Identificarlas es clave. Reconocerse en ellas permite empezar a soltar parte de ese peso.

 

En los talleres de “Raíces que sanan”, muchas mujeres reconocieron estas frases como parte de su día a día. Expresiones que se repiten casi sin pensar, pero que pesan. Porque no solo describen la realidad, también la mantienen.

 

“Es lo normal, siempre ha sido así en mi familia.”
“Si no lo hago yo, no lo hace nadie.”
“No tengo derecho a quejarme, hay gente que está peor.”
“Primero están los demás, luego si eso, yo.”

 

 

 

Detrás de cada una de ellas hay un mecanismo que refuerza la carga: la normalización, la autoexigencia, la invalidación emocional o la postergación constante de una misma.

También aparecieron otras frases que hablan de culpa y resignación:


“No merece la pena pedir ayuda.”
“¿Cómo me voy a ir si me necesitan?”
“Me siento mala madre si me dedico tiempo.”
“A mi edad, esto es lo que me toca.”

Incluso ideas que disfrazan la desigualdad:


“Mi marido me ayuda mucho, aunque haya que pedírselo”
“Bastante tienen ellos con lo suyo”, como si el cuidado no fuera también responsabilidad compartida.
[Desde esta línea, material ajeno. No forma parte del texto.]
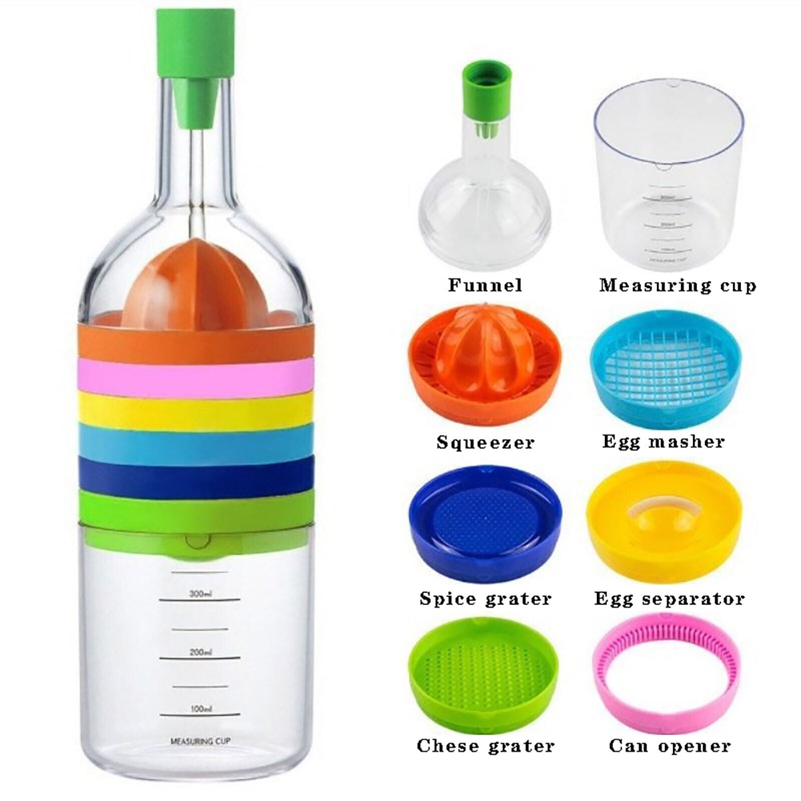 Widely used;Comes with a funnel, juicer, grater, eggs cracker, shredder, can opener, eggs separator and measuring cup. No need to purchase your kitchen tools separately
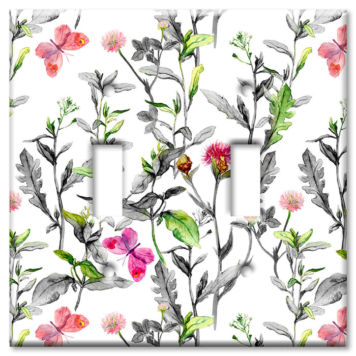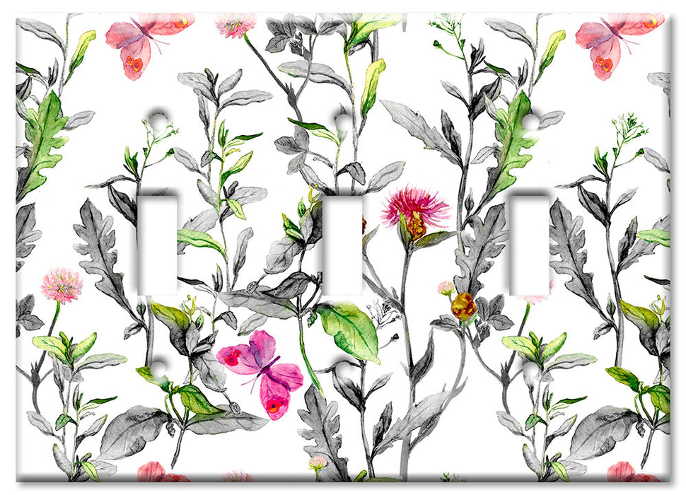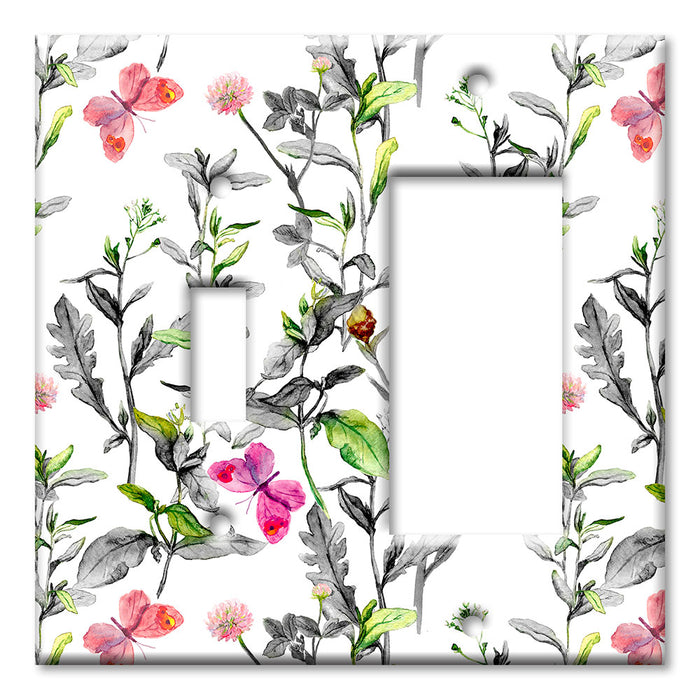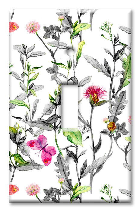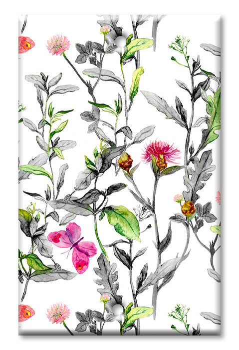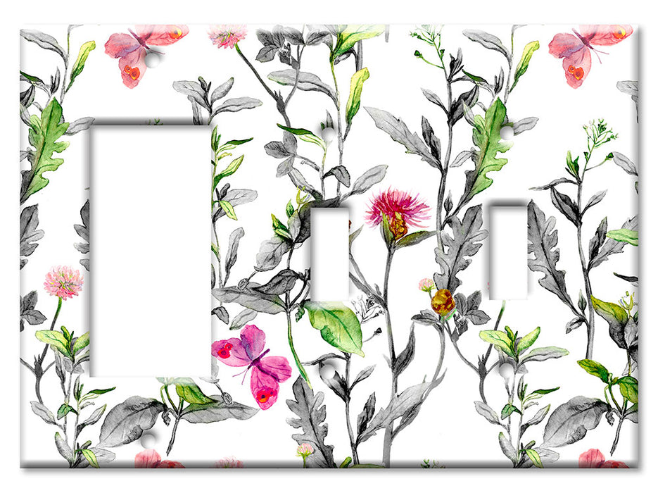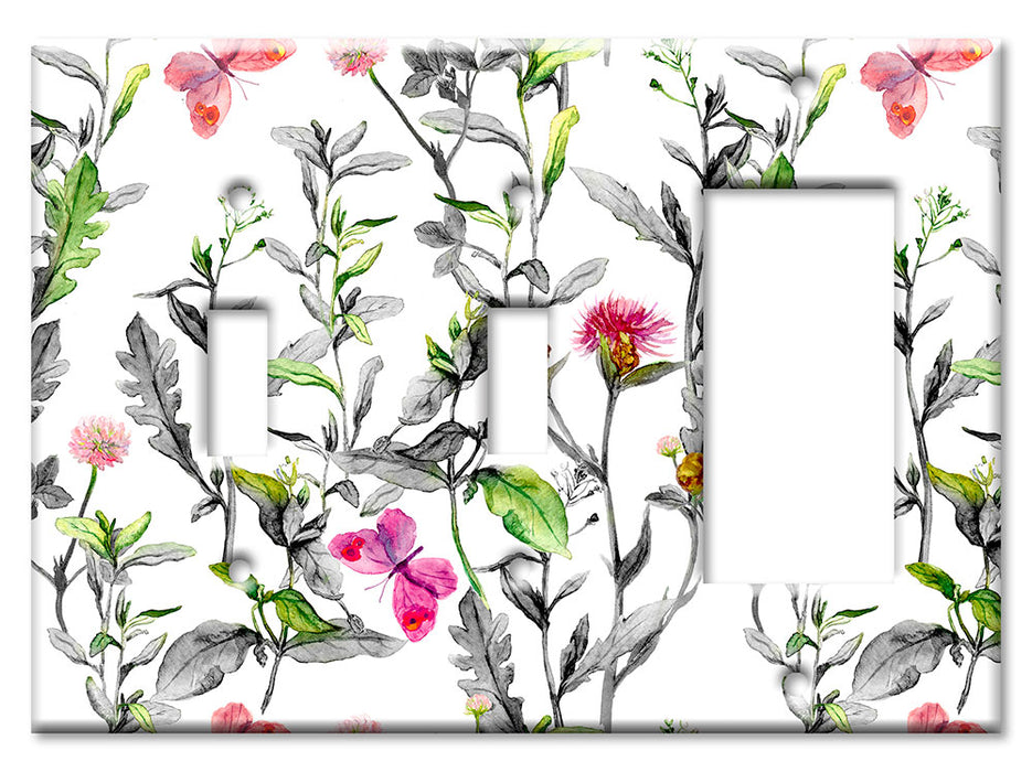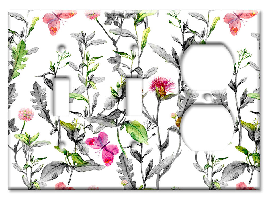 Decorative Printed OVERSIZED Switch Plate - Electrical Switch Cover JUMBO Wall Plate by Art Plates - Pink Butterflies on leaves - 1 Gang Toggle

Y otras más profundas, que reflejan el impacto emocional de todo esto:


“No me puedo poner mala.”
“No sé qué decir cuando me preguntan cómo estoy.”

 

 

 

Estas frases no solo describen una forma de pensar, sino una forma de vivir. Son pequeñas creencias que, repetidas durante años, terminan construyendo una identidad ligada al cuidado, donde descansar genera culpa.

 

 

Durante los talleres, una herramienta simbólica acompañó este proceso: La Maleta Viajera. En ella, las mujeres fueron depositando aquello que ya no querían seguir cargando, pero también lo que iban descubriendo sobre sí mismas. Esa maleta, que ha recorrido distintos municipios y provincias de Andalucía, ha servido para conectar historias y reconocer experiencias comunes.

 

Porque, aunque no se conozcan, muchas mujeres comparten lo mismo. Y en ese reconocimiento aparece algo fundamental: la sororidad.

 

Identificar estas frases es el primer paso para cuestionarlas. Para empezar a soltar peso. Para permitirse, poco a poco, otra forma de estar.

 

Porque descansar no es abandonar.
También es sostenerse, y sostenernos.